Trump’s tariffs will increase U.S. shoppers’ grocery bills

July 28, 2025
Fruit and vegetables in baskets on kitchen island

Photo by Kay Bell

The Trump administration continues to work on tariff deals, or ultimatums depending on your point of view. The latest is the agreement under which the European Union will face 15 percent tariffs on most of the bloc’s exports to the United States.

Most of us here in America, however, are waiting for what might happen Aug. 1. That’s the day that more tariffs on imports into the United States from more than 80 countries are scheduled to go into effect.

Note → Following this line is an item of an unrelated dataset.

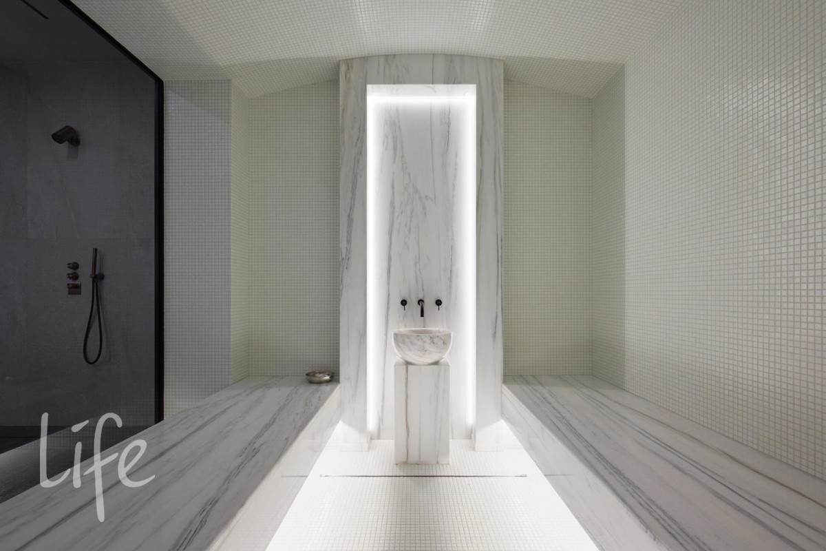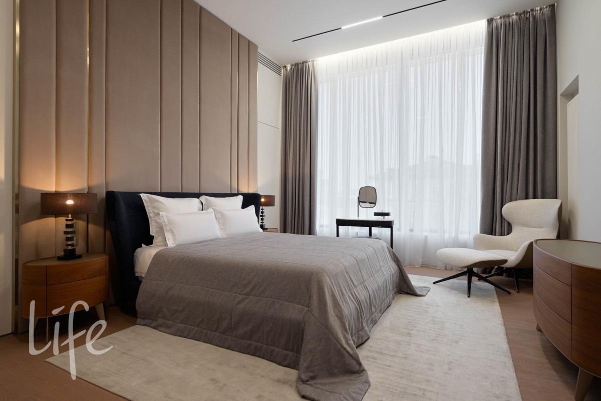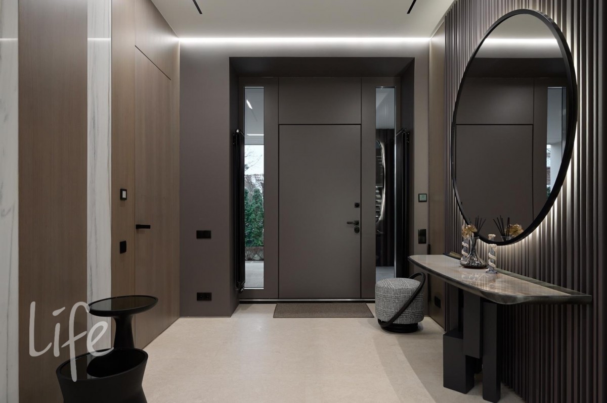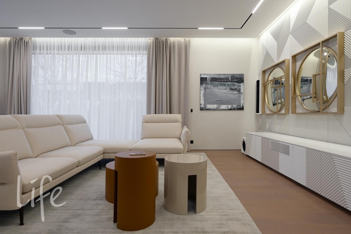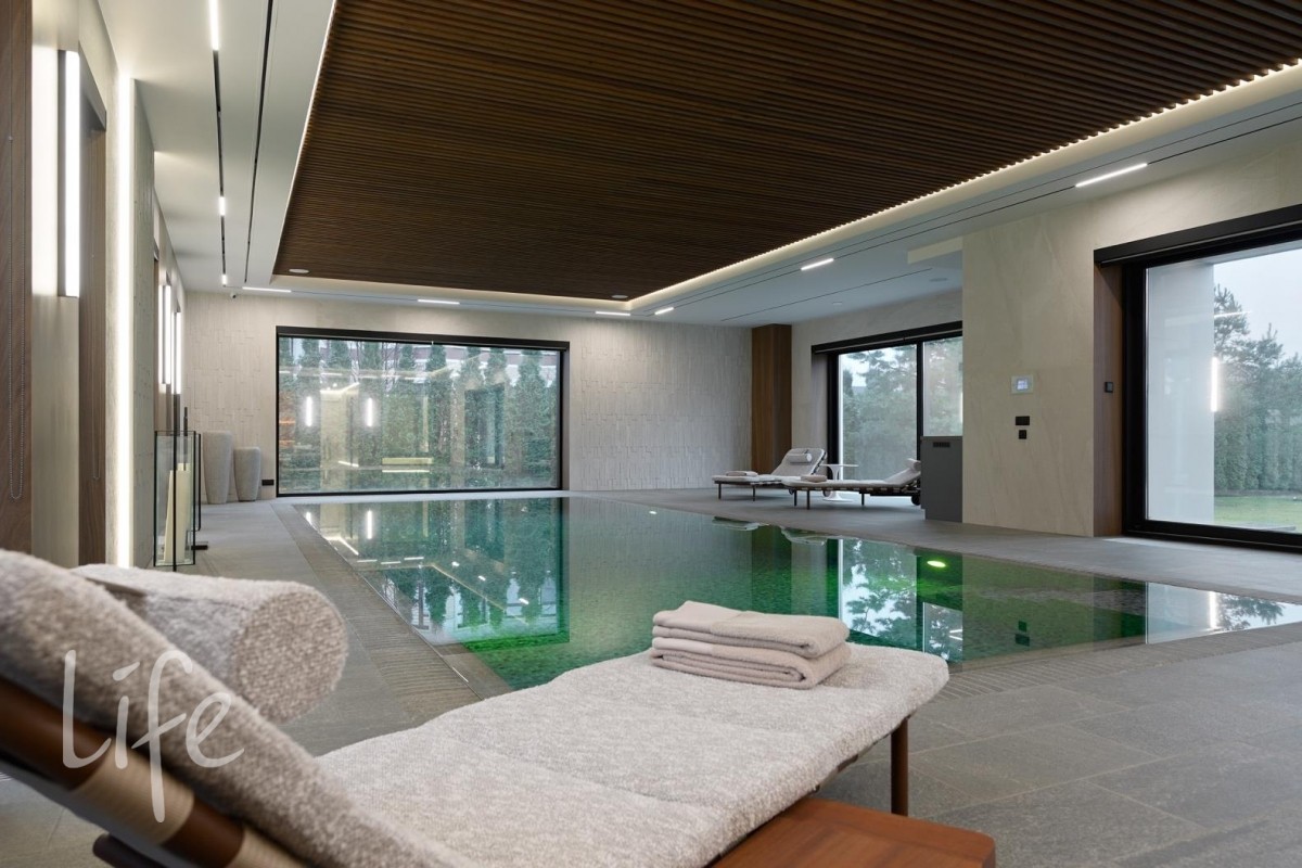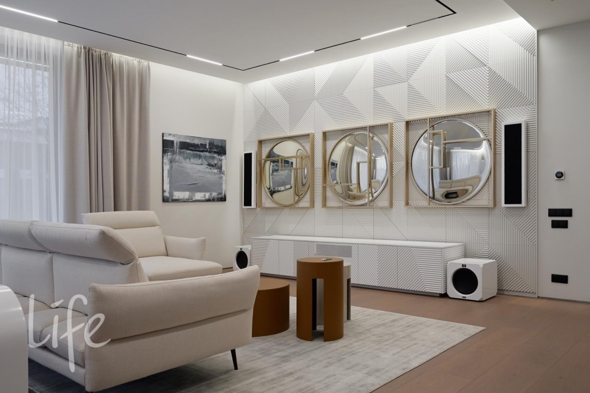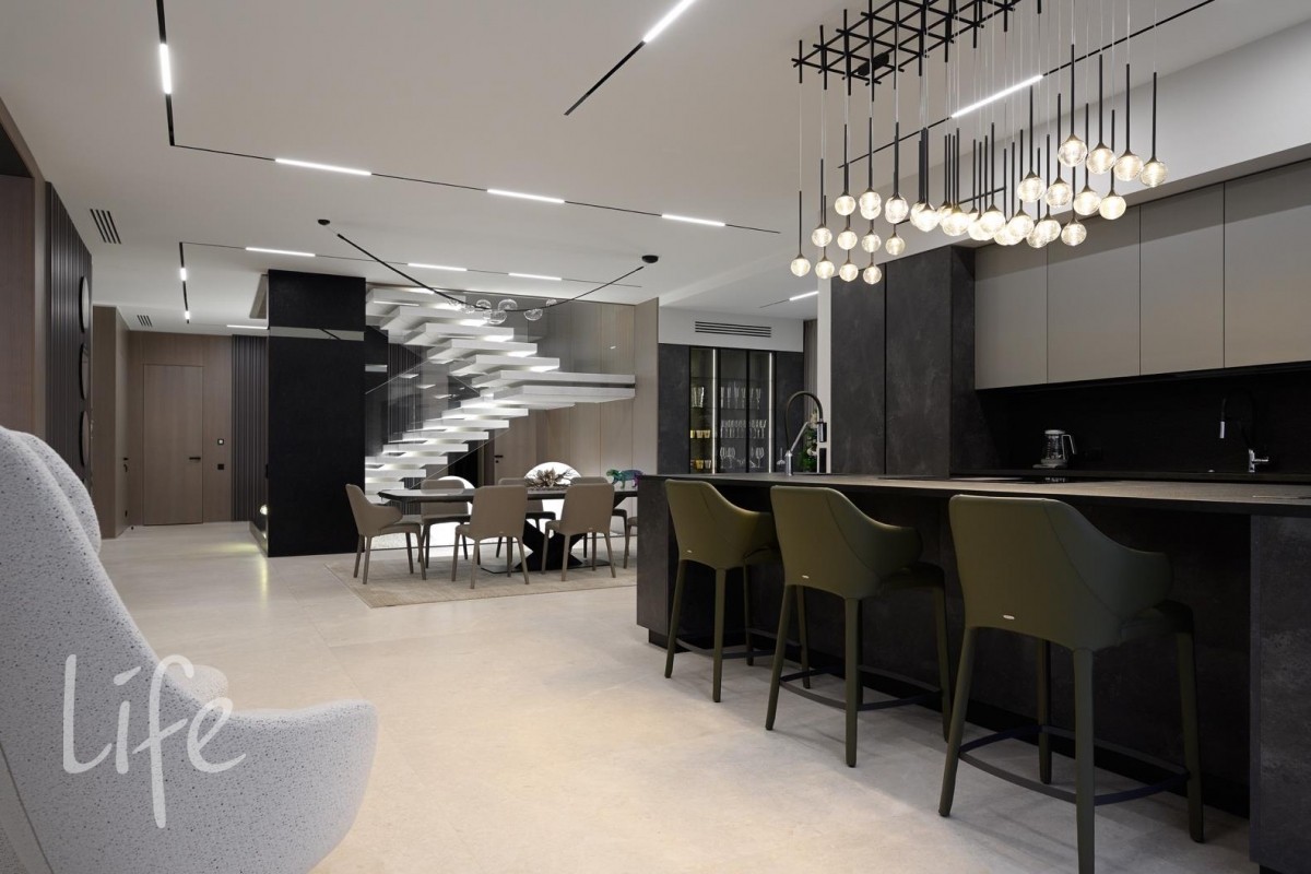 Приточно-вытяжная система вентиляции и кондиционирования Daikin, установлен накопительный блок бесперебойного питания Deye SUN – 12K, бассейн 9*4метра с противотоком, мастер- выключатель света, подогрев пола везде где уложен камень, на полу использована инженерная доска – дуб и мрамор, панели на стенах – камень, дерево, санфаянс - Antonio Lupi, Villeroy and Boch, смесители – Grohe, техника – Miele, Liebherr, Bosch, Smeg, мебель – Poliform, Meridiani, Cattelan, Visionnaire, Smania, Talenti, BandB, Gallotti and Radiede, Shake; свет – Mooi, PaoloCastelli, Sylcom, Cattelan, Baga, кинотеатр – Samsung the Premiere, акустическая система – Bowers and Wilkins, Martin Logan,DLS Flatbox.

The White House argues that its international trade approach will help revitalize U.S. manufacturing. But, as a recent Tax Foundation analysis notes, a variety of food imports are also impacted by the tariffs, and these will likely lead to higher food prices for consumers.

Imported edibles: If you are watching the price of avocados from Mexico as closely as I am, this is disturbing news. Our neighbor to the south is tops the list of food exporters to the United States, followed by Canada, the EU, Brazil, and China.

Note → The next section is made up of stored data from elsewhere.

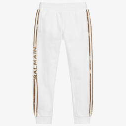 Black jersey joggers for both teen boys and girls by luxury French designer Balmain. Combining a sporty luxe look with comfort, they have side panels with an 80's inspired, graffiti design in black, pink, white and blue. The brand's white logo is printed on the waistband.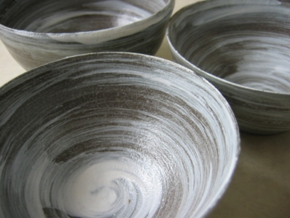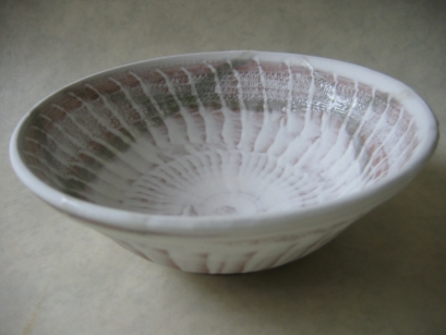 ![]() 打ち刷毛目の鉢、中も外も打ってあるところが新しいですね。 |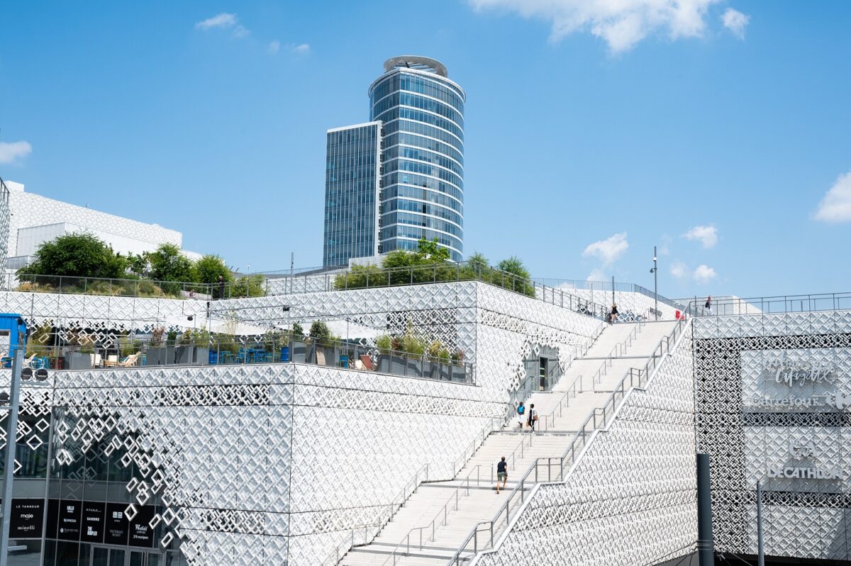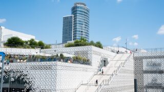 IMG 8135 (1) Le parti-pris architectural porté par l’architecte Winy Maas transforme sans bouleverser la relation du centre à ses bâtiments environnants. La volumétrie a peu évolué, excepté dans sa partie d’extension sur la rue Bouchut. L’espace situé entre le centre et la bibliothèque municipale Part-Dieu est amélioré par un réaménagement des terrasses séparant les deux édifices. Le but ? Offrir une fonction à cet espace et l’animer avec des terrasses de cafés et de restaurants. La création du passage piéton traversant le long de la rue Servient permettra de rejoindre directement la gare depuis la rue Garibaldi à partir d’octobre 2021.

Those five nations, says the Washington, D.C.-based tax policy think tank, account for 62 percent of the United States’ total food imports.

In 2024, the Tax Foundation notes that the United States imported about $221 billion in food products, 74 percent of which ($163 billion) faced Trump tariffs.

While these imports currently face tariff rates ranging from 10 percent to 30 percent, they will exceed 30 percent for some countries if the reciprocal tariffs go into effect on August 1.

North American ag issues: There is, to borrow a recipe reference, a dash of good news for at least for some edibles. Covered goods under the United States-Mexico-Canada Agreement (USMCA), which replaced the North American Free Trade Agreement (NAFTA) in Donald Trump’s first term, are exempt from the tariffs.

That means that around 63 percent of agricultural imports from Canada and Mexico can continue to come into the United States tariff-free.

But food imports that aren’t covered under USMCA are facing tariff rates of 25 percent, which are scheduled to increase to 35 percent and 30 percent for Canada and Mexico, respectively, by August 1.

EU effects: Accounting for those exemptions, the Tax Foundation pie chart below shows the total food imports subject to the tariffs by country, with EU imports the most affected.

Eu-canada-and-mexico-food-imports-most-impacted-by-the-tariffs_Tax-Foundation-jpg

In terms of specific products, the top five food imports to the United States facing tariffs, in order, are liqueurs and spirits, baked goods, coffee, fish, and beer. These products accounted for about 21 percent of total food imports in 2024, or $46.5 billion.

Sure, some of those products we can get domestically. But they may not be perfect replacements for the imported products.

And others just aren’t replaceable.

Yes, we have no bananas: Or, as Rep. Madeleine Dean, a Democrat whose district includes northern Philadelphia suburbs, told Commerce Secretary Howard Lutnick at a June 5 House Appropriations Committee hearing “we cannot build bananas in America.”

   

   
So, look for your grocery bill to go up next month.

Unless, of course, another food-related tariff acronym comes into play: TACO, or Trump Always Chickens Out.